Hes-so Valais
Menu
21-06-2019

Energy Forum: Des mesures contraignantes pour une transition énergétique réussie ?

« Retour

Il s’agit de LA problématique énergétique principale de ces 40 prochaines années. Comment remplacer les agents énergétiques fossiles (mazout et gaz) et le nucléaire par des énergies renouvelables ? Et comment consommer moins ? Ou pour ne pas effrayer la population, comment consommer mieux ? Les objectifs fixés par la Stratégie énergétique 2050 de la Suisse sont ambitieux, ceux fixés par le canton pour une énergie 100% renouvelable et indigène à l’horizon 2060 le sont encore plus. Si les grandes lignes des challenges à venir sont déjà connues sur le papier – en résumé, recouvrir massivement les toits suisses de panneaux photovoltaïques, remplacer les technologies « carbonées » par des installations recourant à des agents renouvelables indigènes et améliorer l’efficacité énergétique des bâtiments - la réalité ne s’en approche pour l’instant que très peu. Selon les organisateurs de l’Energy Forum qui s’est déroulée ce mardi 18 juin à la HES-SO Valais-Wallis de Sierre, trois grands obstacles doivent encore être surmonté avant d’atteindre les objectifs de la Stratégie énergétique 2050 : le financement, la quantité de biens immobiliers à rénover et le rôle majeur des communes.

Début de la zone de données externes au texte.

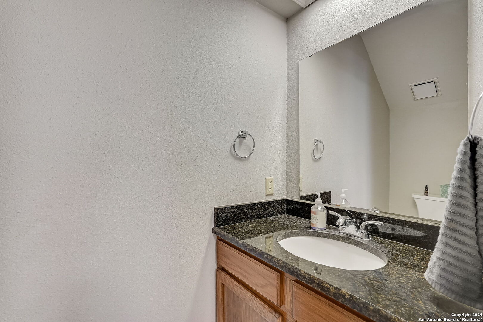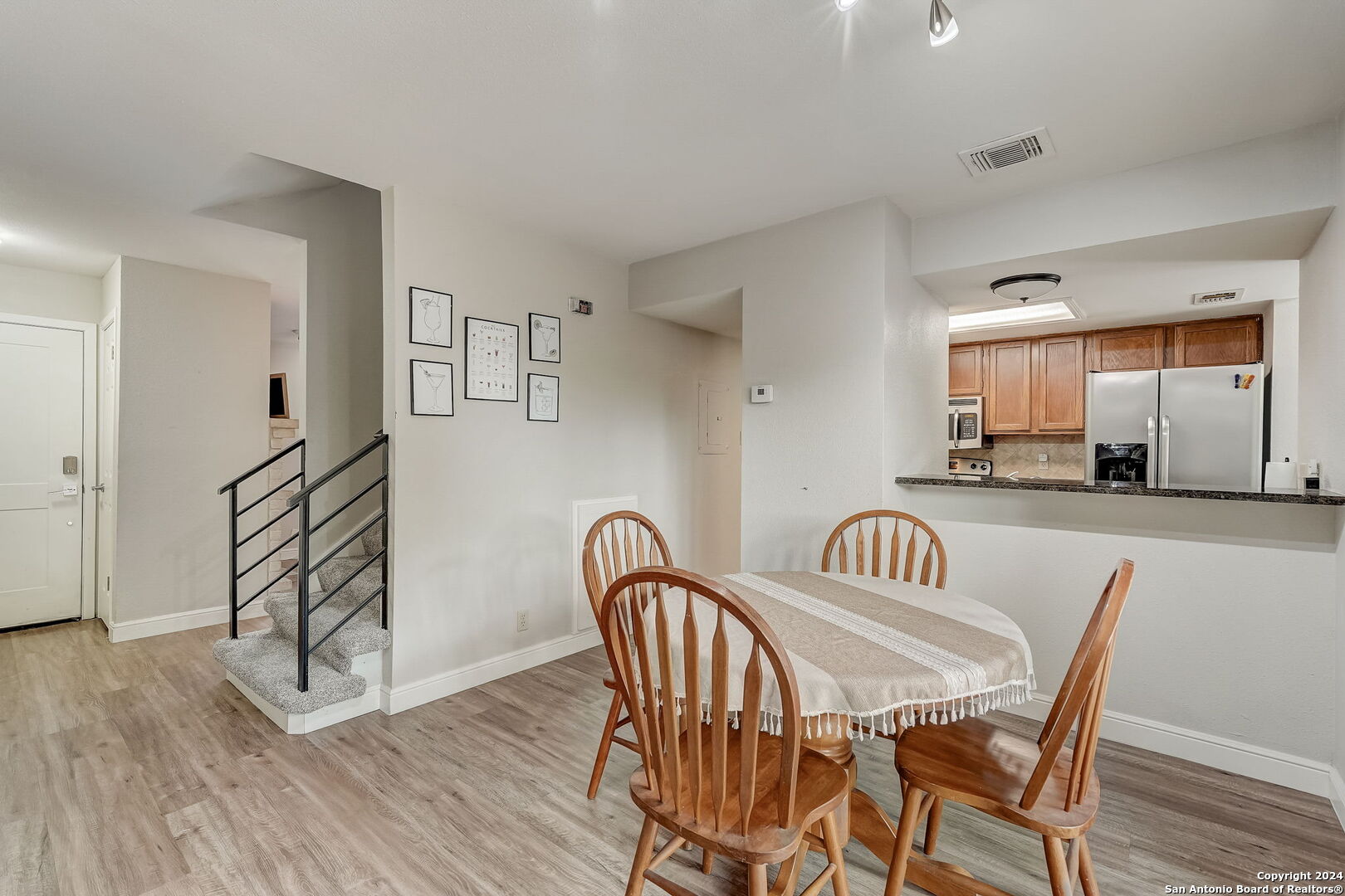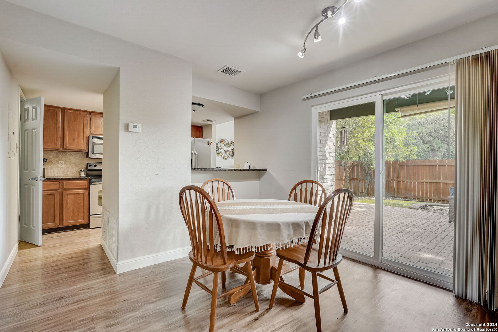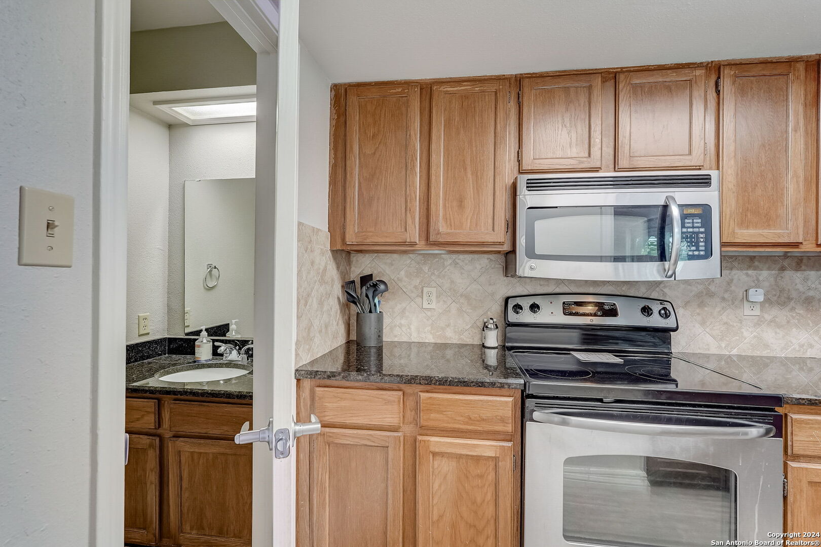 Absolutely amazing opportunity to own a condo in an actual owner occupied condominium complex! Location location location! Minutes away from HEB, McAllister Park, Thousand Oaks Cafe, Pizza Italia, Evil Olive, Bushwood BBQ and Driving Range! Great access to HWY 281 and 1604! The San Antonio North Substation police department right down the road! Very unique opportunity to have the dream of condo living and not be surrounded by a lot or renters. All owners must live in their condo for a minimum of 2 years before they could try to rent it out. This is also a no smoking complex! Enjoy this two-bedroom, two-and-a-half-bathroom end unit with no neighbors behind you, nestled in a quiet gated community. Come see this one today!

Joël Fournier, chef du Service cantonal de l’énergie et des forces hydrauliques, a présenté le chemin à parcourir pour que les objectifs cantonaux soient atteints, et il ne se fera pas sans compromis. Pour 2035, malgré les progrès déjà faits, la population valaisanne doit encore baisser sa consommation d’énergie d’un tiers par rapport à l’année 2015. Pour y parvenir, il faudra améliorer l’isolation thermique de plusieurs dizaines de milliers de bâtiment, remplacer les chaudières à mazout et à gaz, ainsi que les chauffages électriques par des pompes à chaleur et des raccordements à des chauffages à distance. Mais, il faut aussi agir au niveau de la mobilité et remplacer environ la moitié des véhicules à essence et à diesel par des véhicules électriques. Durant toute la journée, une question n’a cessé de réapparaître dans les ateliers et discussions : est-il possible d’atteindre ces objectifs sans mesures contraignantes ?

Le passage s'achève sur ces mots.